Exercise description -
Leaving out all pictures, transcribe exactly the lines between the line with "Габаритные размеры ШхГхВ: 60х60х85" and the last line of the records below, both included.
BEGIN
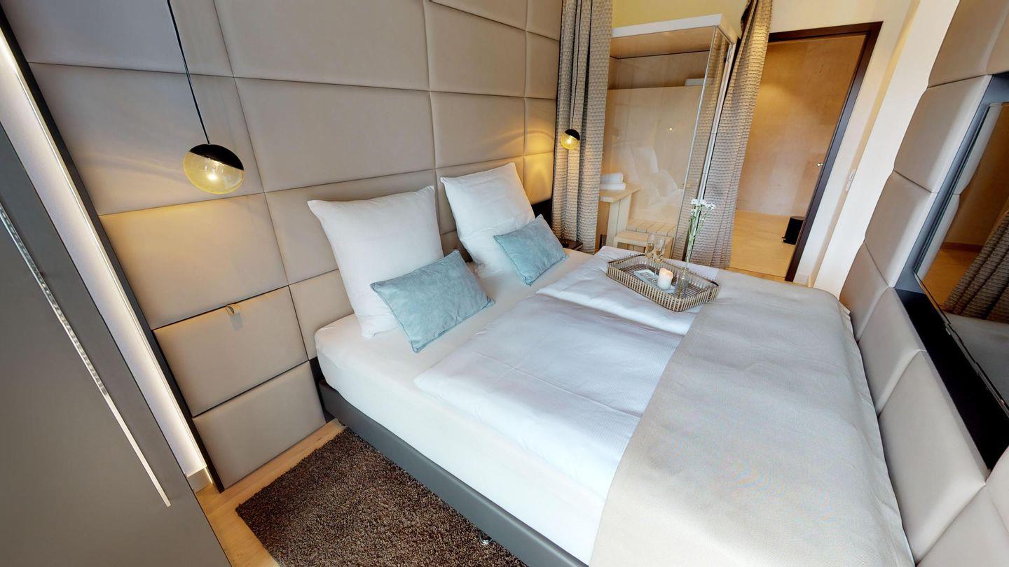 Besondere Highlights des Apartments sind die eigene gläserne Sauna (1,17m × 1,17m) sowie der möblierte Balkon mit Sonnenliegen, der zu entspannten Stunden an der frischen Luft einlädt! Zur Wohnung gehört außerdem ein Tiefgaragenstellplatz.
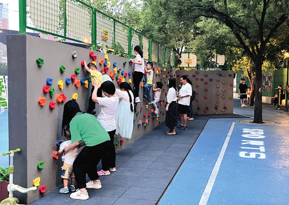 北京石景山區五芳園健身苑“護苗”基地的攀爬墻處,家長(cháng)正陪伴孩子攀爬玩耍(2023年6月18日攝) 劉淏煜攝 / 本刊
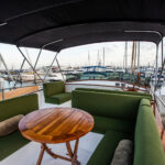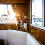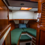 Jonathan CooperFor other personal touches, Kim discovered that a hoop from a whiskey barrel made the perfect frame for a mirror in the master head. They also stain-tested a number of light-colored fabrics determining the right shade to complement the dark interior wood. The only other significant alterations they made were adding flybridge and salon furniture built-ins, as well as changing the master cabin to reorient the berth athwartships.
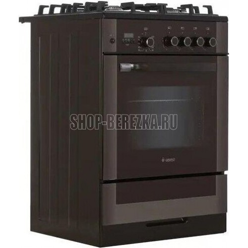 Габаритные размеры ШхГхВ: 60х60х85 см * Цвет: коричневый. Варочная поверхность: закаленное стекло.. * Полезный объём духовки: 52 л * Вертел с электроприводом * Съемные проволочные направляющие духовки * Выдвижной ящик для посуды и принадлежностей * Таймер электронный многофункциональный * Газ-контроль горелок стола * Терморегулятор (термостат) * Газ-контроль духовки * Чугунные решетки горелок стола * Гриль * Шашлычница * Двухзонная горелка * Электророзжиг горелок, встроенный в ручки * Ножки регулировочные * Электророзжиг духовки, встроенный в ручку * Подсветка духовки двойная *
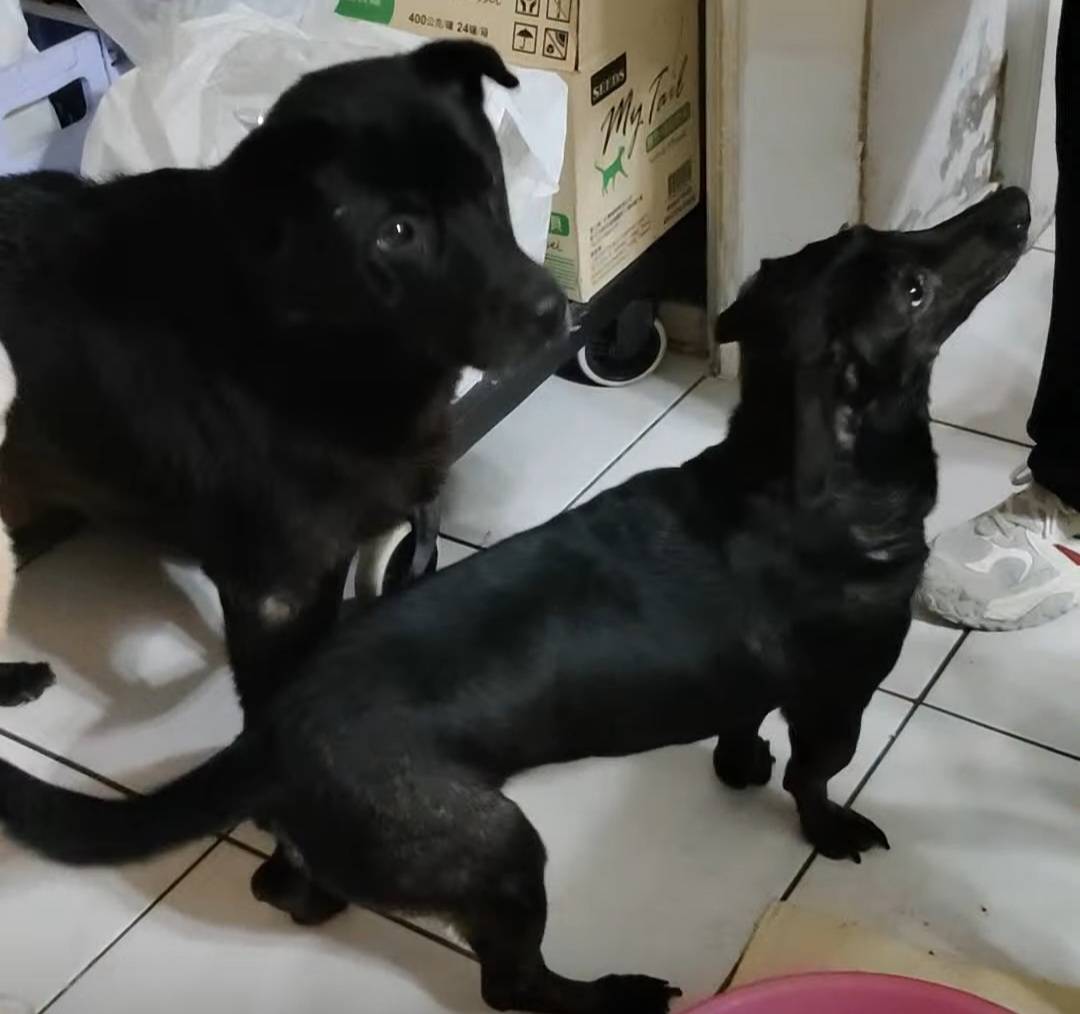 ✓ 黑黃短腿狗兒2隻,黃的叫「咪咪」,與柴犬1隻
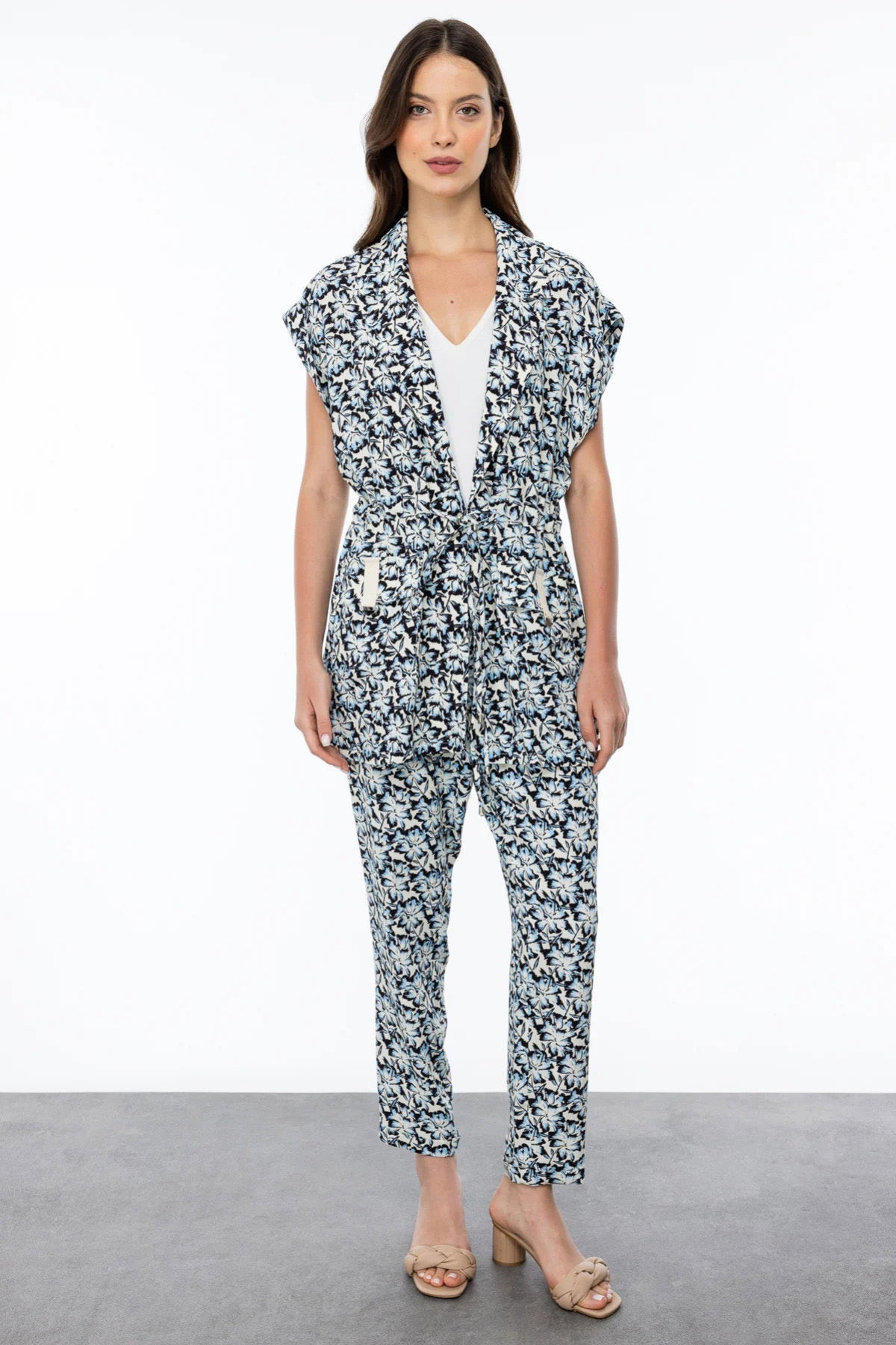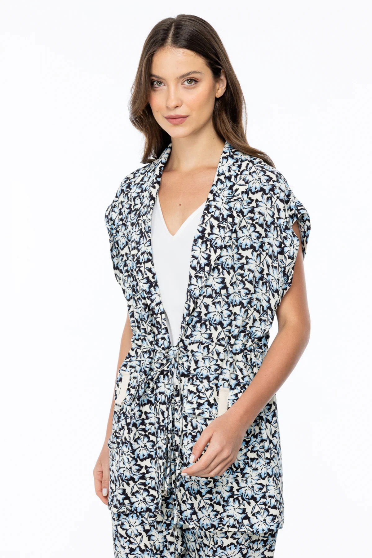 Detay: Şal yaka, kısa duble kol,desenli kumaş,önü düğmesiz,beli bağlamalı,önden torba cepli, astarsız ceket;
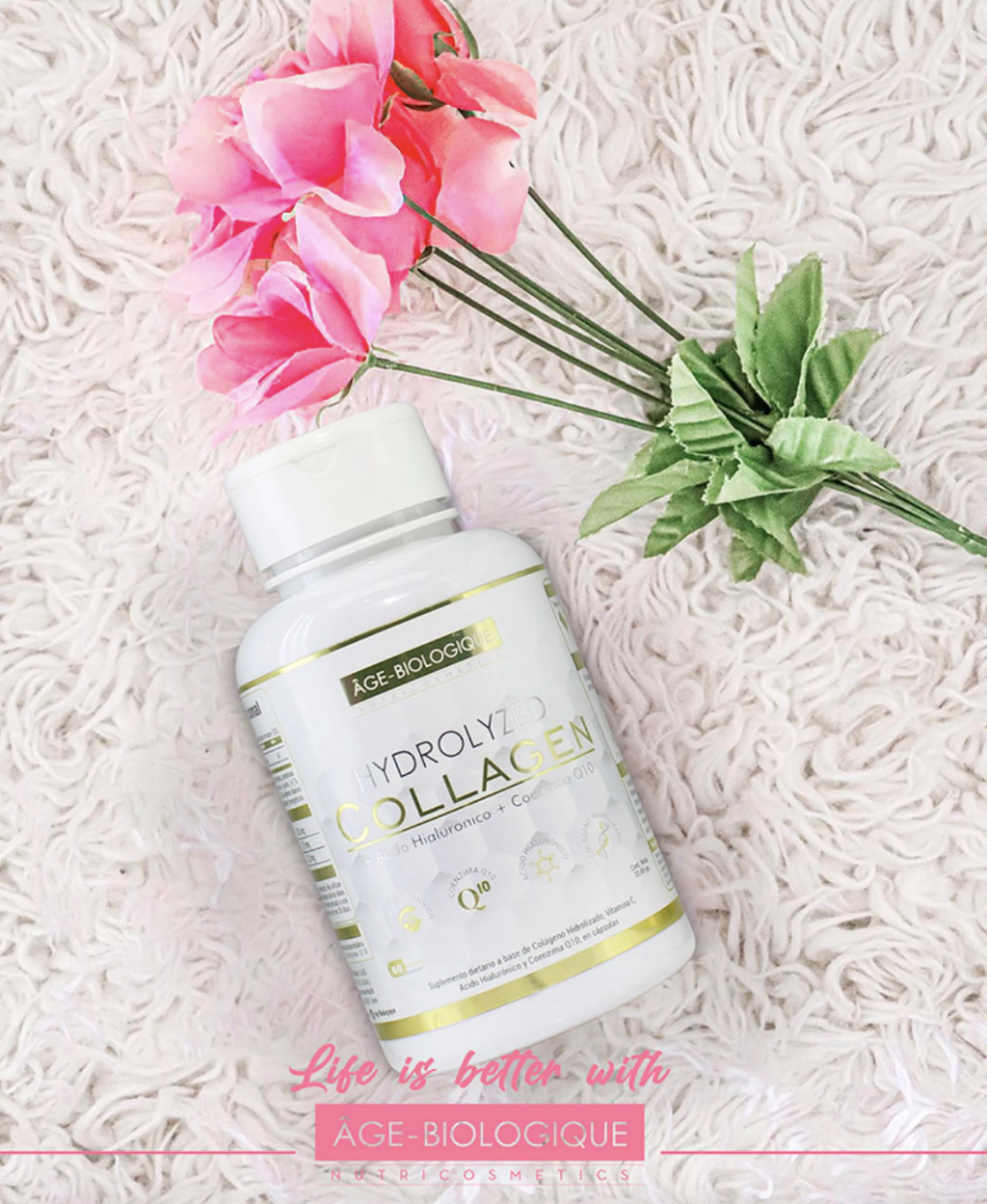 Hydrolyzed Collagen® en cápsulas de Age-Biologique® es un suplemento dietario a base de Colágeno Hidrolizado, Ácido Hialurónico, Coenzima Q10 y Vitamina C.
END
Answer section -
 Габаритные размеры ШхГхВ: 60х60х85 см * Цвет: коричневый. Варочная поверхность: закаленное стекло.. * Полезный объём духовки: 52 л * Вертел с электроприводом * Съемные проволочные направляющие духовки * Выдвижной ящик для посуды и принадлежностей * Таймер электронный многофункциональный * Газ-контроль горелок стола * Терморегулятор (термостат) * Газ-контроль духовки * Чугунные решетки горелок стола * Гриль * Шашлычница * Двухзонная горелка * Электророзжиг горелок, встроенный в ручки * Ножки регулировочные * Электророзжиг духовки, встроенный в ручку * Подсветка духовки двойная *
 ✓ 黑黃短腿狗兒2隻,黃的叫「咪咪」,與柴犬1隻
 Detay: Şal yaka, kısa duble kol,desenli kumaş,önü düğmesiz,beli bağlamalı,önden torba cepli, astarsız ceket;
 Hydrolyzed Collagen® en cápsulas de Age-Biologique® es un suplemento dietario a base de Colágeno Hidrolizado, Ácido Hialurónico, Coenzima Q10 y Vitamina C.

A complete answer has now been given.